C’est qu’elle marche comme une navette, cette prose fluide, entremêlant sans jamais les embrouiller, sur la trame solide d’une histoire aux nœuds romanesques solides, où foisonnent des personnages, même secondaires, aussi pittoresques, vivants, aussi inoubliables que Scrooge ou Marley ou le chétif Bob Cratchit dans A Christmas Carol de Dickens (1843), les fils de dialogues à partenaires multiples mais écrits en continuité sur la même ligne, ou parfois détachés, comme au théâtre, avec indication conjointe du nom du locuteur, et ceux, plus fréquemment appelés sur le métier, de sentences généralisantes ou d’opinions qui ne sont attribuables à quelqu’un de présent – discours réel ou intérieur – qu’après coup, voire jamais.

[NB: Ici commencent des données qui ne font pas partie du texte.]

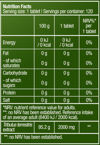 - Proporciona 2.000 mg de extracto de tribulus terrestris por tableta.
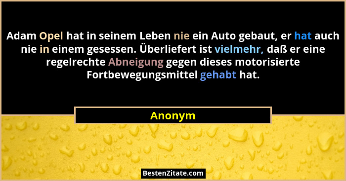 Adam Opel hat in seinem Leben nie ein Auto gebaut, er hat auch nie in einem gesessen. Überliefert ist vielmehr, daß er eine regelrechte Abneigung gegen dieses motorisierte Fortbewegungsmittel gehabt hat.
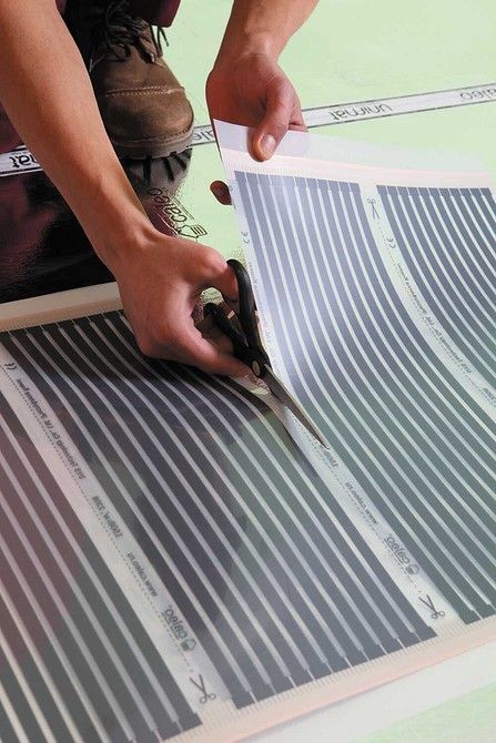 Le film IR du rouleau est coupé exclusivement sur la bande à des endroits spécialement marqués. Les dommages aux éléments en carbone ne doivent pas être autorisés. Et les bornes aux points de connexion des câbles doivent être recouvertes de ruban isolant bitumineux.
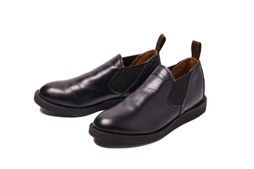 1954年に誕生し、制服を着て働く公務員のサービスシューズとして誕生したポストマン#101と、1920 ~’30年代にルームシューズから外履き用に昇華したロメオを組み合わせた、レッドウィングの定番オールブラックシューズ。4万2350円
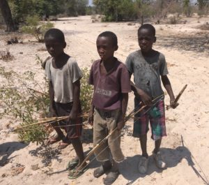 No caminho encontramos três crianças com arcos e flechas. Não estão a brincar. Mal sorriem. Mal falam português. A seca retirou as crianças da escola porque todos os braços são necessários para angariar recursos para a sobrevivência. Estas crianças andam mesmo à caça. De alguma galinha selvagem ou outro animal que lhes possa servir de alimento.
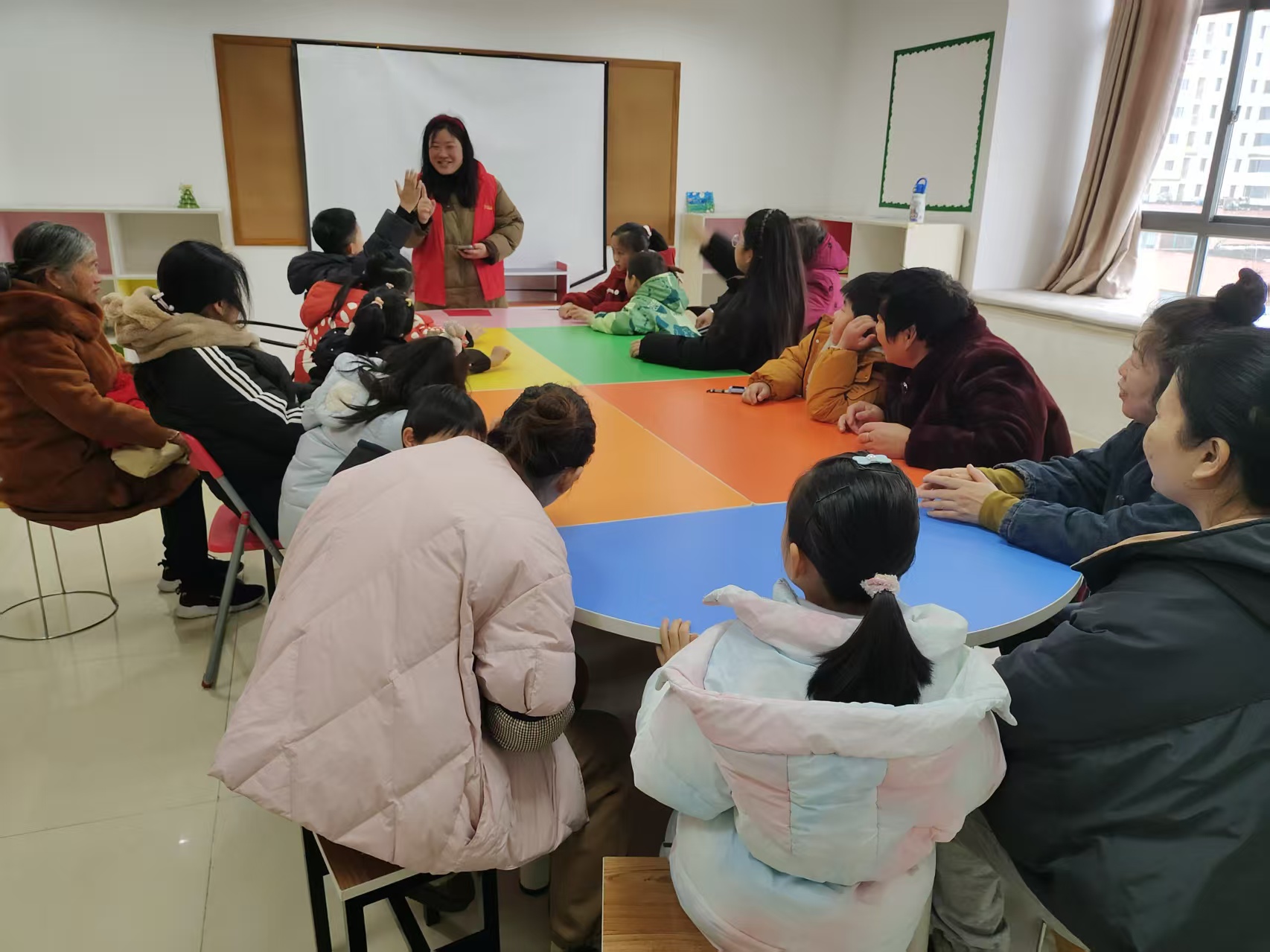 活动伊始,工作人员以趣味福字字谜拉开活动序幕,“一口田,衣包边,家家有,乐无边”,简单的谜面勾起了家长和孩子们的参与热情,大家争相抢答,在欢声笑语中解锁新年“福”意,也让现场氛围迅速升温。随后工作人员致以热情致辞,介绍本次活动的背景与意义,让大家在新春期许中,对这场非遗体验充满期待。

Quand on ne sait d’où viennent les séries de fils qui se croisent, par exemple lorsqu’il est question de l’état lamentable des relations sociales à une époque où l’Islande, encore rattachée comme quasi-colonie au royaume de Danemark (depuis 1380), n’était guère qu’un noirâtre comptoir septentrional où les armateurs de Copenhague entretenaient une clientèle de gros commerçants locaux pressurant le bas peuple, on peut se demander si là perce la véritable voix narrative du texte. Mais rien n’est moins sûr. Car il se pourrait aussi bien que les trois femmes à qui ce roman en trois volets, si profondément féministe, est dédié, fassent partie intégrante – au moins les deux premières, dont les dates de mort sont indiquées – de ce tissu de voix disparues, si verlainiennes, qui se frôlent l’une l’autre en une mystérieuse symphonie de douceur et se mêlent à celles, innombrables, montées de l’indistinct passé d’un petit peuple misérable et fier.
Un peuple cultivé en ses provinces les plus reculées, plongé dans les ténèbres une partie de l’année, fou de soleil et de jouissance, que magnifie Stefánsson en un bouquet capiteux de beautés formelles sans aucun équivalent actuel, sous réserve de meilleur inventaire.